Se ela não fugir, mato só
no chinelo”, diz a biomédica e professora da Fundação Oswaldo Cruz – Fiocruz e
da Universidade Federal do Rio de Janeiro – UniRio Karen Friederich. É uma
caricatura que faz, ao destacar que dentro do inseticida doméstico há elementos
tóxicos, os chamados agrotóxicos urbanos.
É um produto de uso
doméstico que nem associamos aos agrotóxicos. Inseticidas usados como
bloqueador epidemiológico pelo próprio poder público vão na mesma linha. Por
exemplo, os fumacês no caso da Dengue.
E como tais substâncias
são liberadas pelas autoridades? Karen destaca que, tanto para usos domésticos
como para agricultura, os registros para liberação são baseados em testes que
não levam em conta a complexidade das substâncias.
“São testes em condições
laboratoriais onde cobaias são expostas a um determinado agrotóxico e por uma
só via”. No ambiente, somos expostos a vários tipos de agrotóxicos. Isso gera
efeitos acumulativos e essa combinação pode gerar consequências, como
predisposições cancerígenas.
Além do mais, também
podemos absorver agrotóxicos por mais de uma via. Os efeitos podem surgir “a
muito longo prazo”, explica. É por isso que órgãos como Agência Nacional de
Vigilância Sanitária – Anvisa têm a missão de regulamentar, analisar, controlar
e fiscalizar agrotóxicos. Mesmo os que já têm seu registro homologado.
Essa
revisão é
importante, pois surgem novas pesquisas que aprofundam o conhecimento sobre as
substâncias. “Além disso, há de se avaliar
tanto efeitos agudos da exposição – quando se percebe um efeito de imediato,
pouco tempo depois do contato – quanto crônicos – aqueles que podem se
manifestar muito depois”, completa. 2,4-D.
Atualmente, a grande
preocupação dos pesquisadores é com relação à liberação da nova geração de
transgênicos, resistentes ao agrotóxico 2,4-D. “Esse agrotóxico tem em sua
composição substâncias que faziam parte do Agente Laranja, usado na Guerra do
Vietnã”, explica. Por isso, o produto está na lista da Anvisa para reavaliação,
assim como o Glifosato.
“A liberação de sementes
resistentes ao Glifosato aumentou em muito seu consumo. Tememos que isso ocorra
com o 2,4-D, que tem um impacto ainda maior”, alerta Karen. E como fugir dos
agrotóxicos?
Para o agrônomo Leonardo
Melgarejo, integrante da Associação Gaúcha de Proteção ao Ambiente Natural –
Agapan, é preciso romper com a lógica do agronegócio. Produzir mais alinhado
com princípios da agroecologia. Mas para isso é preciso consumir mais alimento
agroecológico. O estímulo para isso passa por políticas públicas.
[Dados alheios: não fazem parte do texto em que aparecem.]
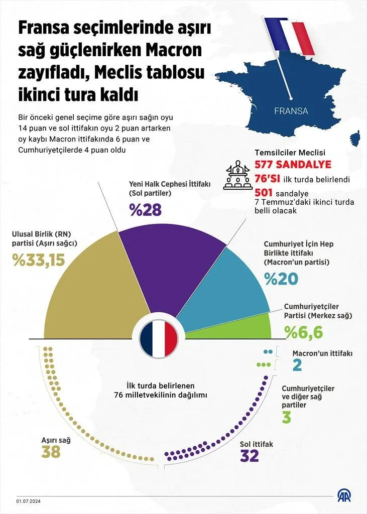 Fransa'da son 3 seçimdir oylarını artırmaya devam eden aşırı sağcı RN, 9 Haziran'daki Avrupa Parlamentosu (AP) seçimlerinde yüzde 31,4 oy alarak en yakın rakibi olan Macron'un partisi Rönesans'ı ikiye katlamıştı. Aşırı sağın zaferinin ardından Macron erken seçim kararı almıştı.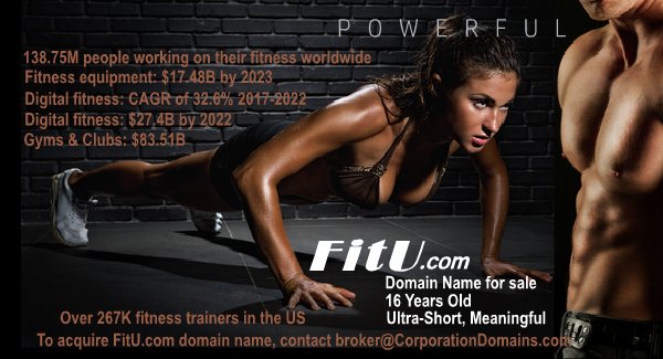 #DomainName for sale. This is an epic#DomainName in the#Fitness industry.#weight#weightloss#Diet#gym#clubs#healthclubs#trainers#gyms#spas#training#running#Digital#DigitalFitness#gettingfit#keto#nutrition#nutrition2018#Domains#VentureCapital#startuppic.twitter.com/7CS0UpUEx2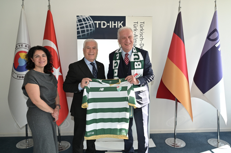 ITB Berlin 2026’da Bursa Büyükşehir Belediyesi’nin standı da büyük ilgi gördü. ‘Her Gülümseme Bir Hikâye Anlatır’ kampanyasıyla organizasyonda yer alan Bursa Büyükşehir Belediye Başkanı Mustafa Bozbey’in liderliğindeki heyet, 3-5 Mart tarihleri arasında yerli ve yabancı sektör temsilcileriyle bir araya gelerek Bursa’nın turizm potansiyelini anlattı. Fuardaki diğer firmaların stantlarını da gezen Başkan Mustafa Bozbey, birebir görüşmeler gerçekleştirerek yapılabilecek iş birliklerini konuştu. Türk-Alman Ticaret ve Sanayi Odası Genel Sekreteri Okan Özoğul’u ve Türk-Alman İşverenler Derneği Başkanı Remzi Kaplan’ı da ziyaret eden Başkan Mustafa Bozbey, yapılabilecek iş birlikleri hakkında fikir alışverişinde bulunurken Bursaspor forması ve atkısı hediye etti.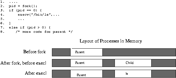 It should have occurred to you that since fork can only create a copy of itself, it is of limited use. The fork call is usually used with another system call, exec, which overwrites the entire process space with a completely new process image. Execution of the new image starts at the beginning. Exec is actually a family of six system calls, the simplest of which is execl Here is the function prototype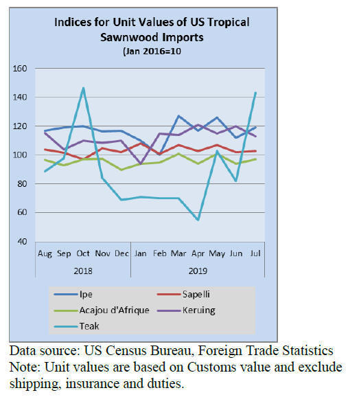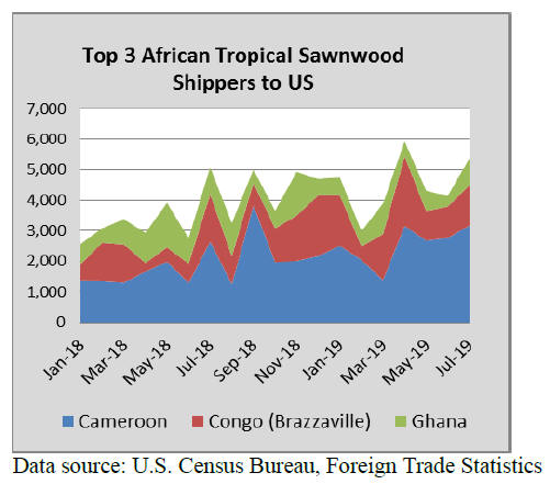 US imports of sawn tropical hardwood rebounded in July from a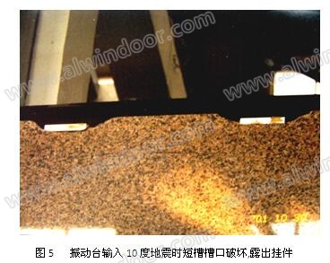但是正如振動臺試驗表明那樣,與背栓連接相比,短槽連接要稍弱一些。到10度地震力輸入時,短槽槽口發生破壞,而此時背拴連接完好無損(圖5)。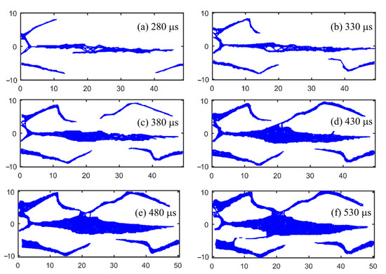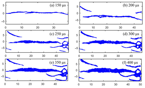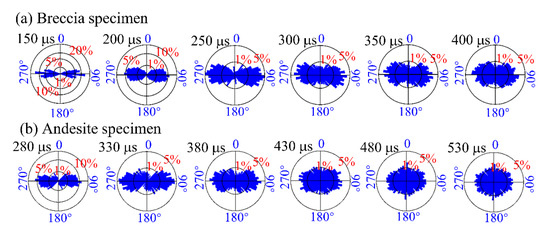Therefore, we made a quantitative characterization of the cracking morphology with the statistical length and orientation information of the fracture traces. We defined a ratio of the length of one fracture trace to the sum of all the fracture trace lengths at the current moment as the normalized length. The distribution of the normalized lengths of the fracture traces along the Y-axis deflection angle (the north is 0) was statistically analyzed and was plotted as the rose diagram shown in Figure 11. The Y-axis deflection angle was counted from both clockwise (0~180°) and counter clockwise (180°~360°) directions; thus, these rose diagrams are centrally symmetric. In the early stage of the fragmentized processes (150 μs in Figure 11a and 280 μs in Figure 11b), the normalized length of the fracture traces corresponding to the main crack in the horizontal direction (Y-axis deflection angles are 90° and 270°) is dominant. With the main crack opening width increasing and secondary cracks expanding, the fracture traces in the vertical direction gradually increased. At the same time, the normalized lengths with the Y-axis deflection angle at 0° and 180° gradually increased. Thus, the capability of FracPaQ to characterize the fragmentized processes was validated.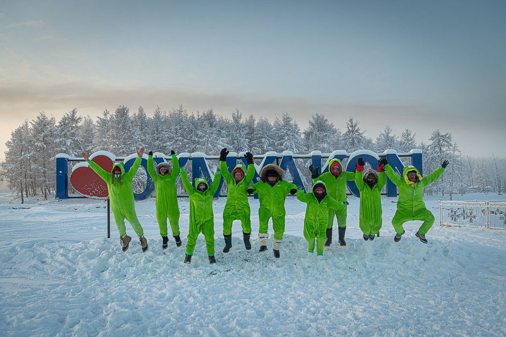 Но думаю, звание самых нарядных туристов на Полюсе холода мы заслужили.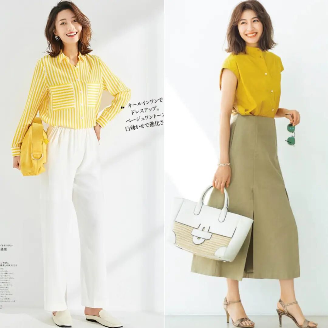 夏天不要穿亮色的衣服,那你什么时候穿?明亮有活力,但不显眼,30岁+大多数轻熟女性会选择这两种配色方案:①浅亮的彩色+无彩色单品,比如浅黄色的衬衫+白色阔腿长裤(左图)②中低饱和的彩色+近似色单品,比如土黄色的衬衫+卡其绿半身裙(右图)在具体的穿着和搭配中,色彩的明度和饱和度可以根据个人的驾驶能力进行调整。这种颜色搭配简单、整洁、充满活力。简单的衬衫可以让人因为明亮的颜色而感到自信和迷人。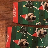 Ordered personalized socks. Received socks that had wrong dogs name on them and lettering cut off. Photo Socks part of Soufeel refused a refund. Who the heck is Mojo?
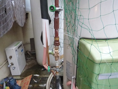 こちらの太陽熱温水器と電気温水器の連結システムから水漏れでお困りです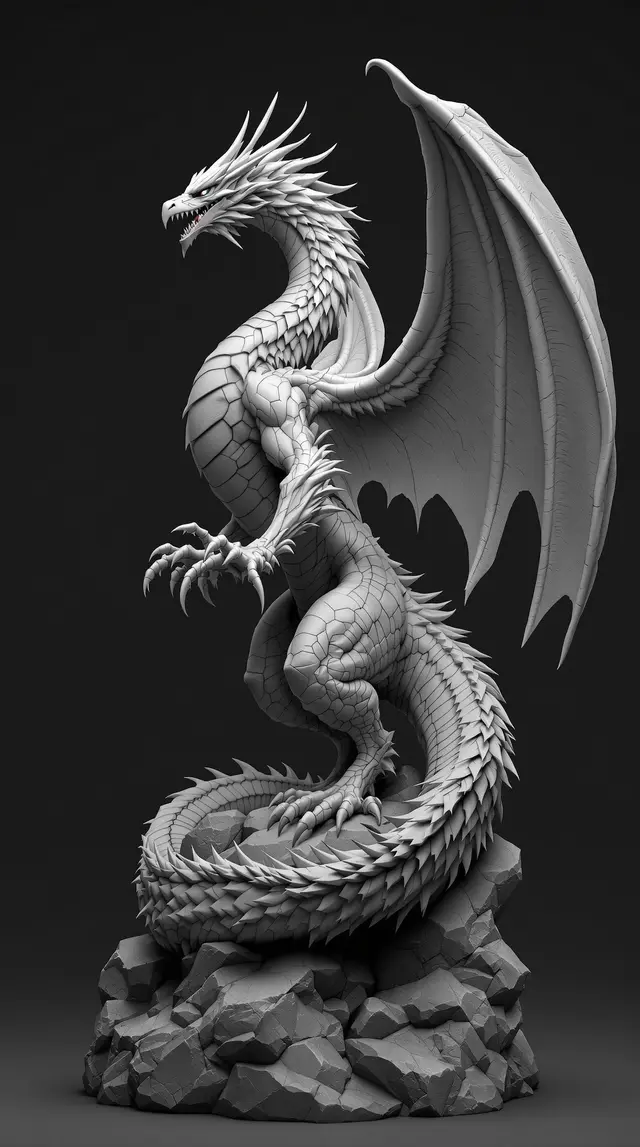 A majestic, stylized, mythical creature, rendered in grayscale, with intricate details. The creature, possessing both dragon and avian features, is positioned in a dynamic, poised stance, wings outstretched, claws extended. Sharp, angular features define the head, with a powerful, almost predatory expression. Its body is a mix of smooth curves and sharp edges, showcasing an interplay of light and shadow that accentuates its musculature. The dragon-like tail snakes around a rocky base, creating a sense of power and grounding. The rock base is detailed with cracks and crevices. The grayscale palette creates a dramatic and otherworldly mood. The lighting emphasizes the form and texture, creating a sense of depth and volume. The overall style is high detail, professional, and inspired by fantasy sculpture. The perspective is a three-quarter view, showcasing the creature from the rear and side. Precise anatomical accuracy is evident, with subtle differences defining the creature; …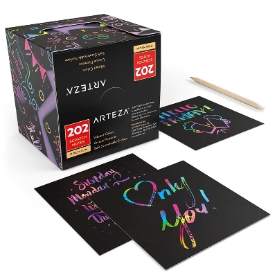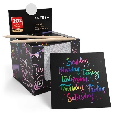 Arteza Scratch Notes, Rainbow – 202 Pack (ARTZ-8713): Variety of Vibrant Patterns – Includes 200 Rainbow and 2 Space patterned notesEasy to Use – Simply scratch the 3.5×3.5″ sheets and let your imagination do the restScratching Supplies Inside – With 2 Scratchers and 2 Sharpeners included, you’ll have everything you need to scratch with easeGreat Gift for All Ages – Watch the faces of your loved ones light up as they discover their artistic side, or enjoy these for yourself. Arteza makes art supplies affordable to creators with every budget.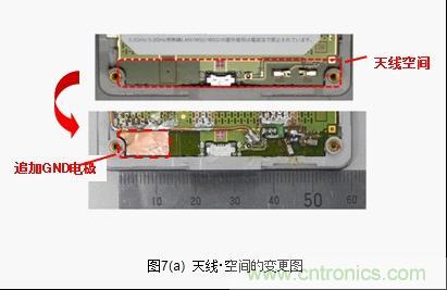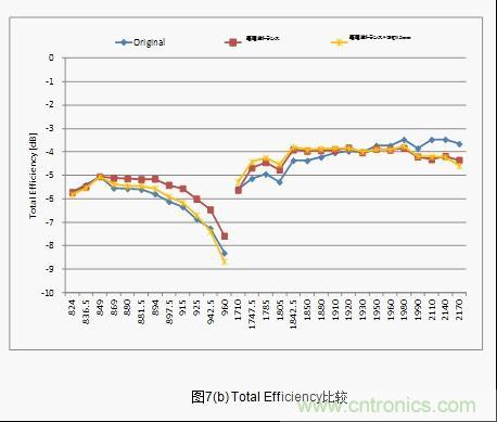 接下來將針對天線小型化的有效性進行檢測。一般來說天線具有改善接地距離的特性。但是,天線占據空間(排除了GND領域)很大的話天線以外的 元器件安裝空間就會受壓迫。天線小型化和縮小天線空間迫在眉睫。當天線空間的一部分被GND占據,對這時候的天線特性的變化進行評價。天線空間的寬度為52mm,其中13mm被GND占據,low band的特性劣化,變成了跟LC電路等同的Total Efficiency(圖7(b))。這就意味著實際上天線空間的麵積可減少25%。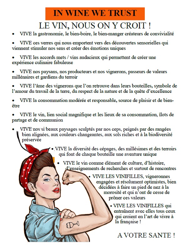 Vinifilles n.f. pl. : créatures de sexe féminin engagées dans la viticulture en Occitanie, fédérées en 2009, adeptes du plaisir et de la richesse de leur métiers, belles, rebelles, actives, gourmandes, sympas, sociables et dynamiques !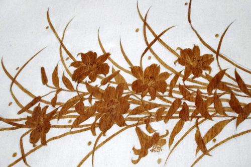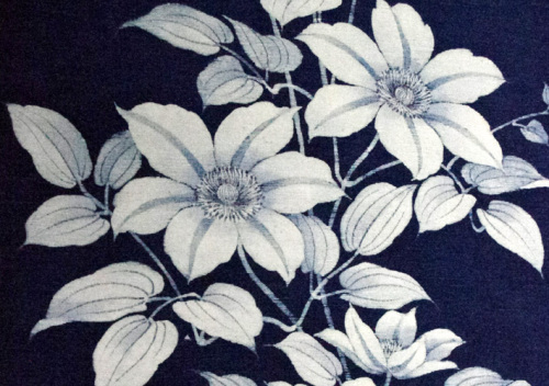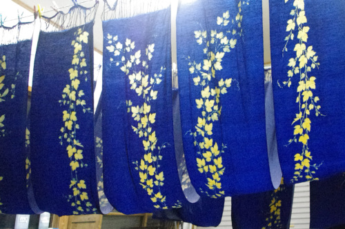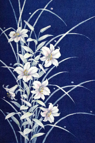 絵を描くことと意匠をデザインすることは違う。ということが、若い頃の私は分かっていなかった(^^;今、分かっているかといえば・・・だいたいかな~(笑絵は思い通り自由に描いて良い。意匠は目的に応じて工夫する。という極論。いや、売るための絵もあるし、ウケル為のデザインもある。どんな仕事でも思い通りにならないこと、苦しいこともあるから、それぞれ工夫はしている筈???いや、ちょっと違うかもしれない。が、私自身が時々陥る『ド壷』がある。ロウケツの作業が好きなので、リアル系統の模様のときに絵のような表現を目指し過ぎることがある。そして自分のクビを締める。絹ショール ササユリ模様 藍染め 顔料仕上げ今回の追加で苦しんだのは2点。模様の重なりが多くて複雑なこと。もう一点がユリの表情を描き分けようとして手間を掛けすぎたこと。少なくとも加工代金に見合った仕事ではなくなった(>_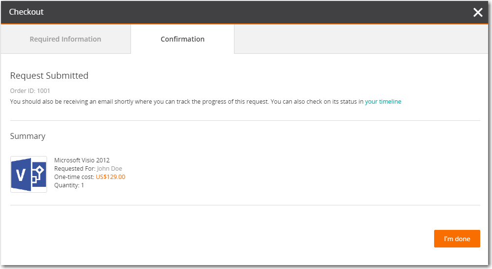 5. Enter the Machine Name and click on the Complete request button. The Confirmation tab of the Checkout process opens and the Request Submitted message is displayed.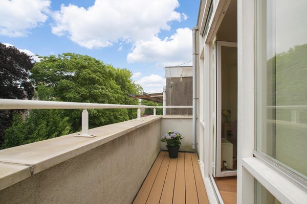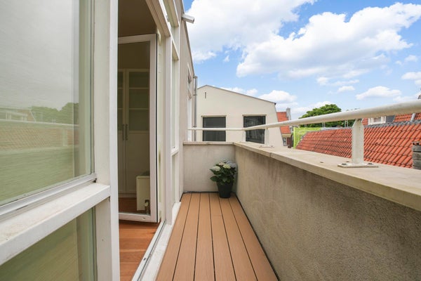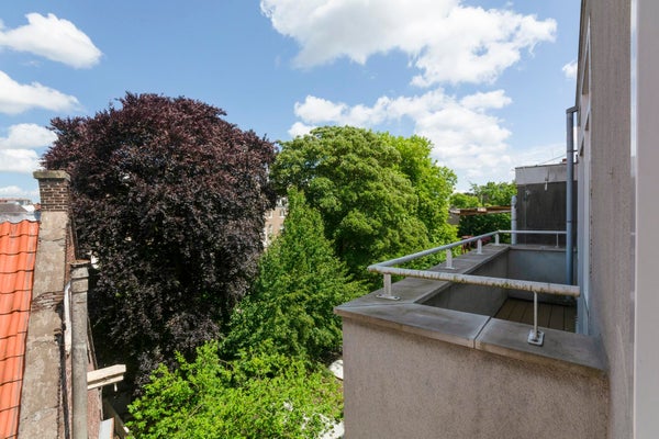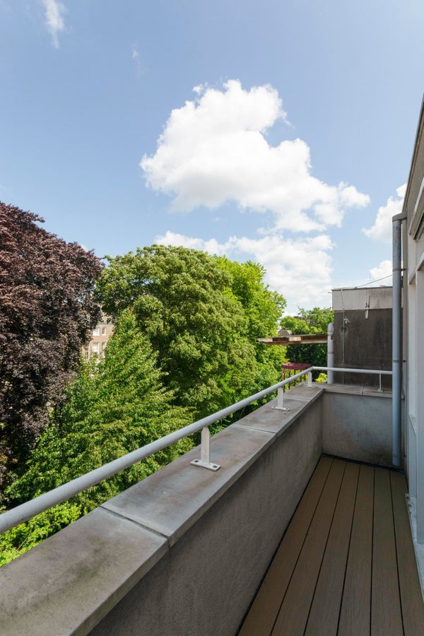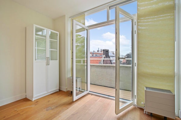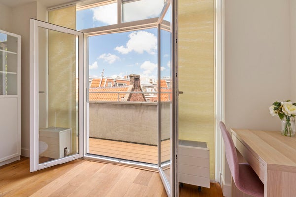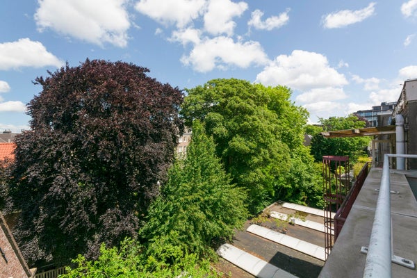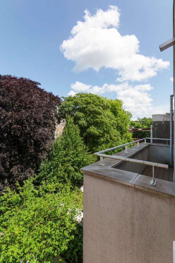 Ook het groene uitzicht op de binnentuinen van de grachtengordel vanaf het vijf meter brede balkon aan de achterzijde van het appartement in de werkkamer (tweede slaapkamer) samen met het uitzicht vanuit het raam in de slaapkamer laat niets te wensen over.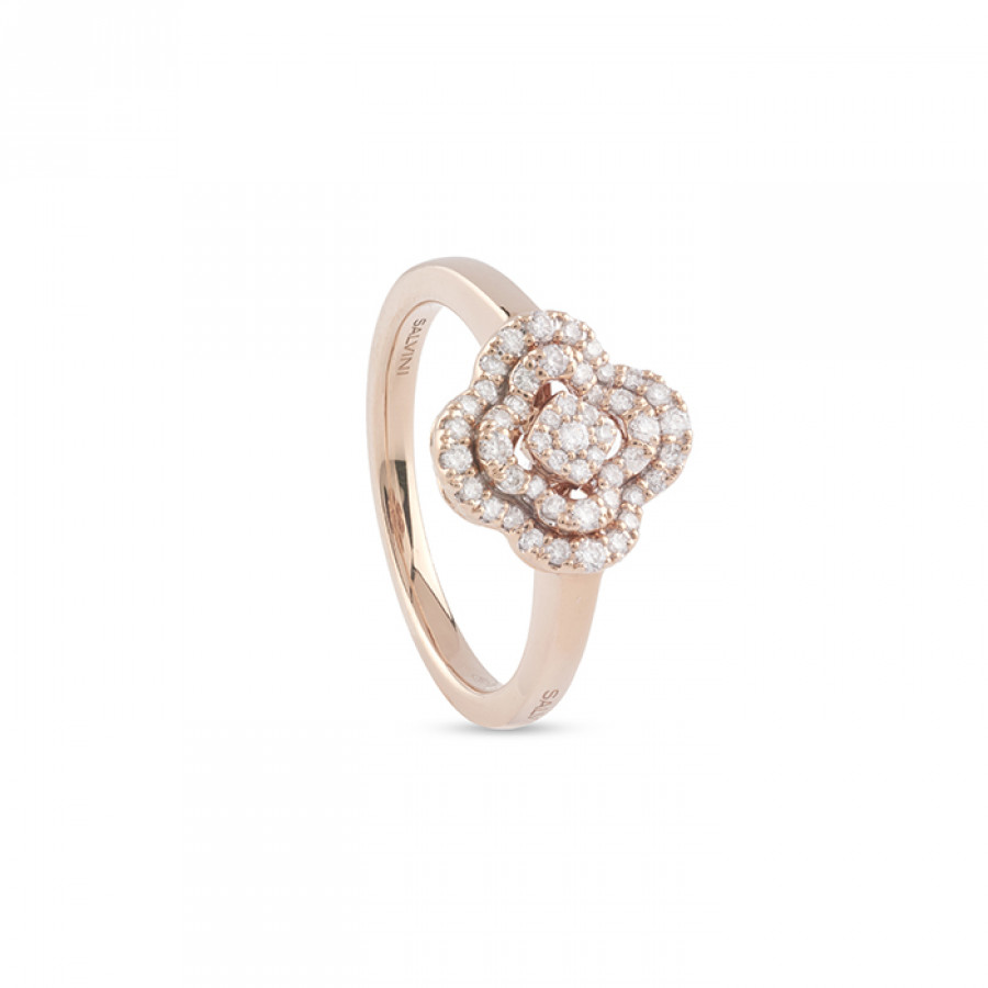 Anello Salvini in oro rosa 18kt con diamanti con fiore medium, della collezione Bagliori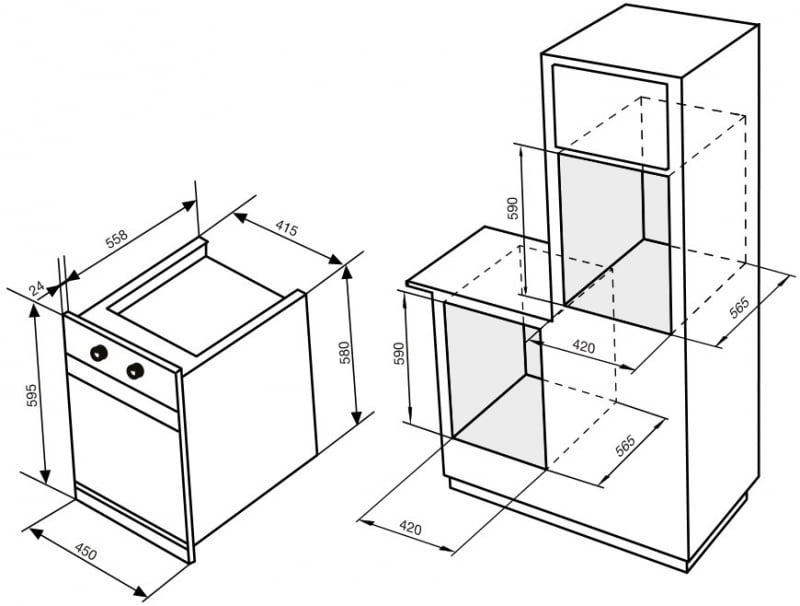 Габариты для встраивания (ВхШхГ)    59х42х56,5 см.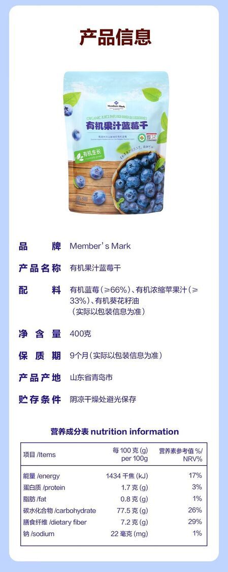 Member's Mark-山姆會員商店 Member's Mark有機果汁藍莓幹400g 平行進口
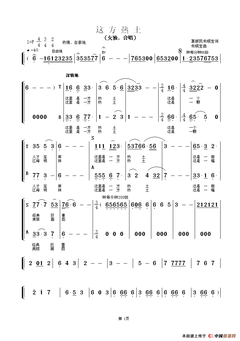 这方热土(女独、合唱)(葛振民 朱顺宝词 朱顺宝曲)

É esse o objetivo do Plano
Nacional de Agroecologia e Produção Orgânica – Planapo. Para fazer este plano
funcionar é necessária a implementação de outro, o Programa Nacional de Redução
de Agrotóxicos – Pronara. “Diminuindo o uso de agrotóxicos, caminhamos para
outros sistemas produtivos como a produção orgânica”, destaca.
O problema é que a pressão
do agronegócio pesa sobre o poder público. Assim, os planos acabam patinando. “Mas
nós, enquanto sociedade, temos nosso papel”. Devemos lutar contra essa
maquiagem de informação e não aceitar o retrocesso. A retirada da indicação da
presença de alimentos transgênicos no rótulo de alimentos é isso.
Sonega uma “informação e
limita o poder de escolha do consumidor”. O caminho, para Melgarejo, é buscar
fóruns em que se possa fazer pressão. Defende que é preciso saber o que está
sendo discutido sobre a legislação de agrotóxicos e transgênicos para buscar a
implementação dos planos, rompendo a cadeia do agronegócio.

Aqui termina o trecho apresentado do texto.